10. The image processing system according to claim 9, wherein the operation further comprises the processor determining the microvascular resistance reserve (MRR) using the captured imaged data.
11. The image processing system according to claim 10, wherein the set of patient data includes the MRR.
12. The image processing system according to claim 9, wherein the identified CMD features include one or more identified differences between the first set of captured image data and the second set of captured image data.
13. The image processing system according to claim 12, wherein the operation further comprises the processor determining vasodilatory capacity based on the one or more identified differences.
14. The image processing system according to claim 9, wherein the set of patient data includes one or more biomarkers of the patient.
15. The image processing system according to claim 9, wherein the one or more electronic images include one or more CT angiography (CCTA) images.
16. The image processing system according to claim 9, wherein the operation further comprises the processor generating a common vascular tree using the first set of captured image data and the second set of captured image data.
17. A non-temporary computer-readable medium that stores instructions for one or more processors of an image processing system to execute a computer implementation method for processing electronic images to quantify coronary microvascular disease, wherein the method is Receiving image data of one or more captured electronic images by one or more processors of an image processing system, wherein a first set of image data is captured before administering one or more drugs to the imaging target, and a second set of image data is captured after administering the one or more drugs to the imaging target, The provision of the image data and patient data set to a machine learning model by one or more processors, the machine learning model being trained to use one or more sets of collected and / or simulated image data and one or more sets of collected and / or simulated patient data to identify coronary microvascular disease (CMD) features in the captured image data and patient data set, and to output one or more CMD measurements and / or predicted CMD end types, The non-temporary computer-readable medium includes transmitting the one or more CMD measurements and / or the predicted CMD end type to a user device by the one or more processors.

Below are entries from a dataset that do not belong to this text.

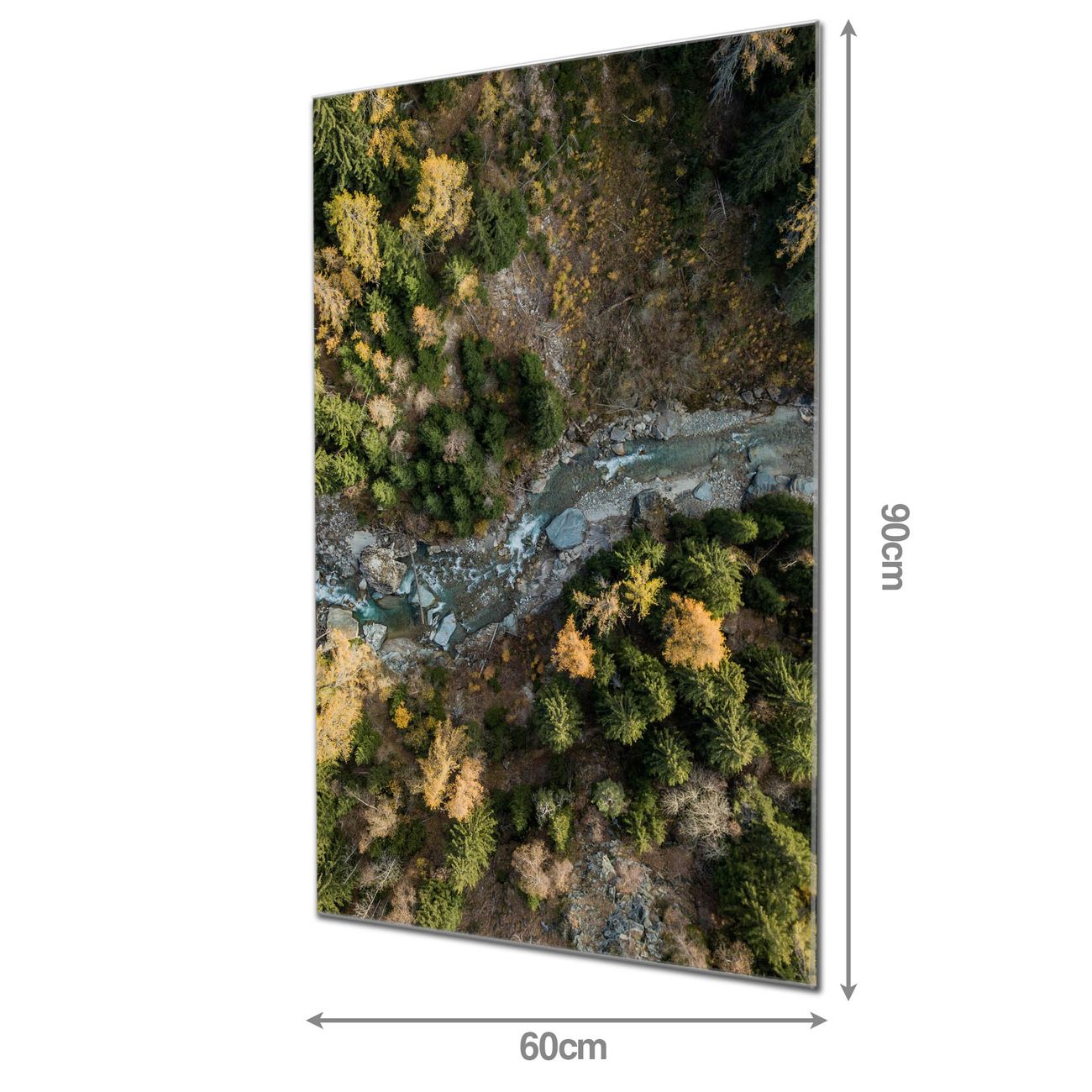Material: 4mm Sicherheitsglas mit Metallrückwand Eigenschaften: beschreibbar, magnetisch, kratzfest Maße: 60x90x0,6cm, 8,10 kg schwer Motiv Nummer 12871 Fluss im Tal 2 Zubehör: inklusive 4 Neodym-Magnete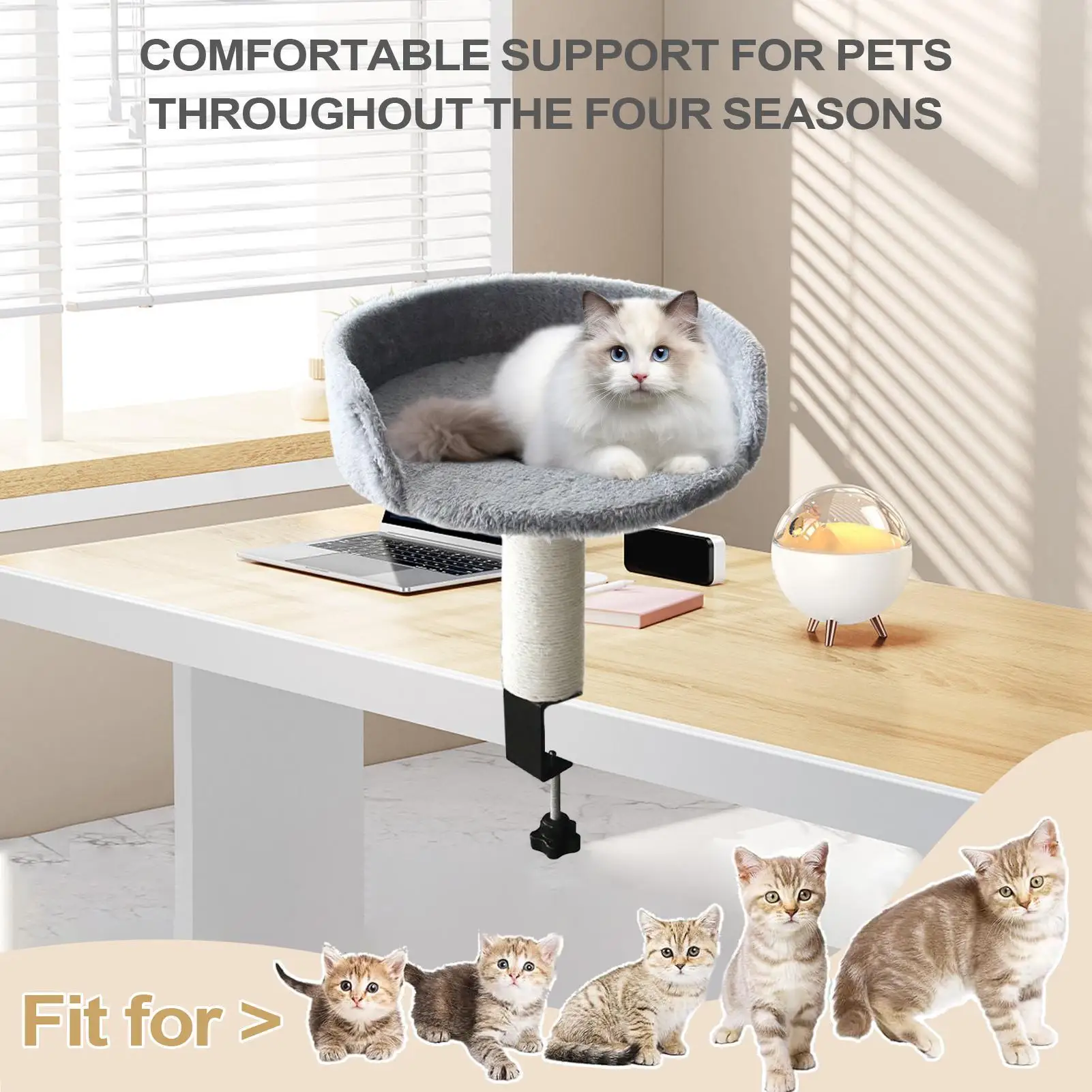 This desk clamp cat bed is designed to provide a secure and comfortable resting place for your feline friend. With its innovative wall-mounted design, it saves space while offering an elevated perch for your cat to relax. The soft pad attachment ensures a cozy nest for your pet, making it perfect for both home and office environments.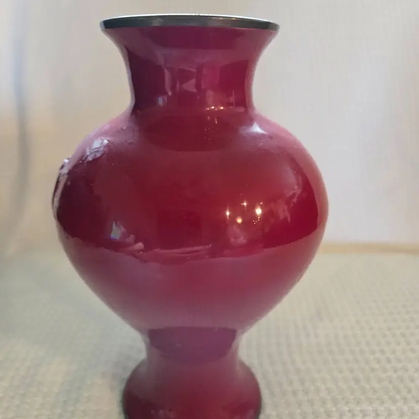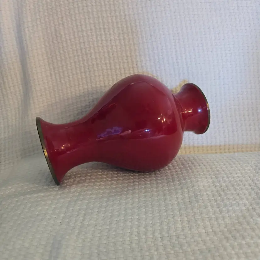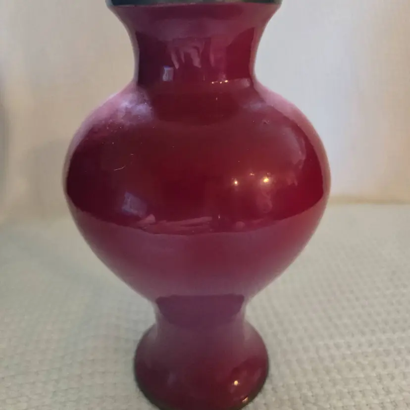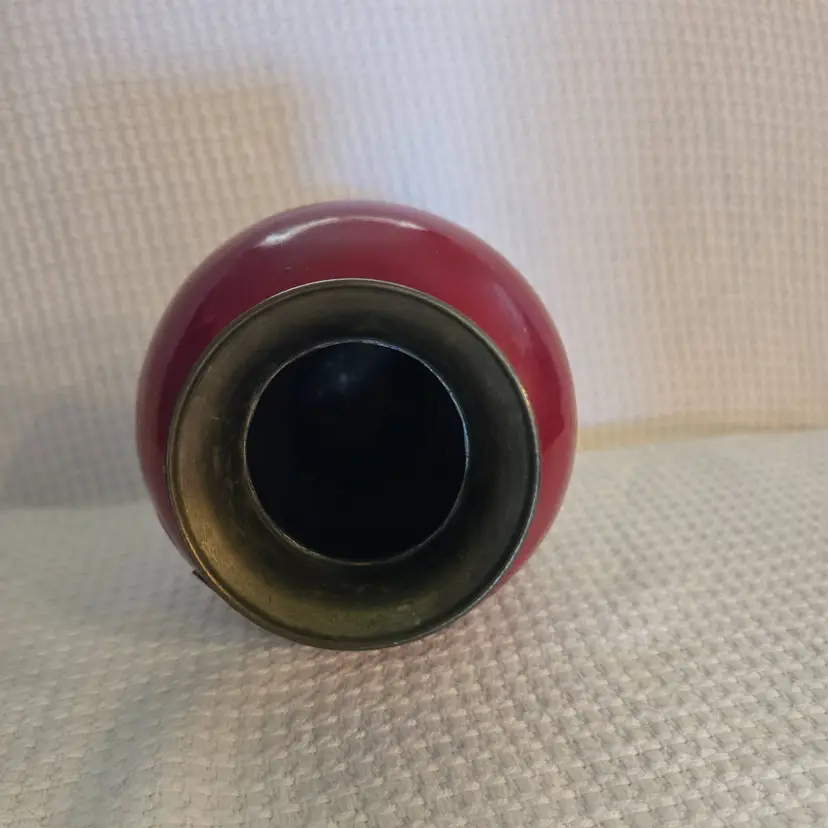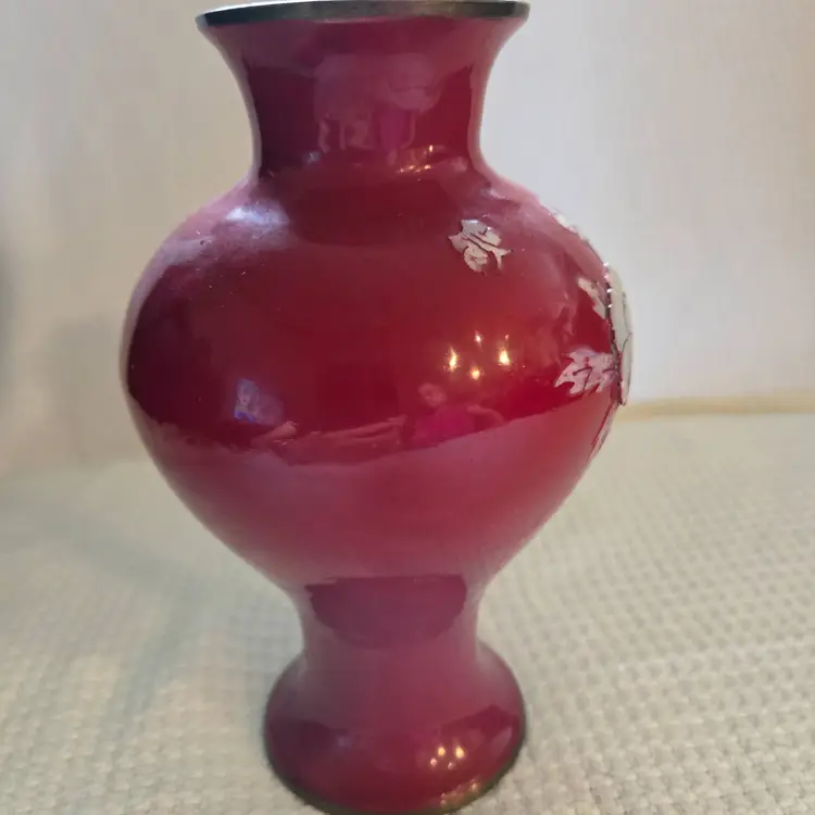 This is a vintage lacquer over brass vase with a mother of pearl floral designs. Made in Korea in the mid 20th century. Measures 7" tall and 4" at widest part. The opening is 2". In excellent condition. It has part of the original sticker on the bottom. A simple but elegant piece.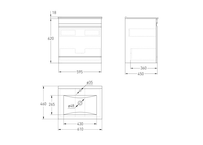 • Керамическая накладная раковина с переливом, 1 отверстие под смеситель

18. The method further comprises determining the microvascular resistance reserve (MRR) using the captured imaging data by one or more processors, according to claim 17, for a non-temporary computer-readable medium.
19. The set of patient data is a non-temporary computer-readable medium according to claim 18, including the MRR.
20. The non-temporary computer-readable medium according to claim 17, wherein the identified CMD features include one or more identified differences between the first set of captured image data and the second set of captured image data.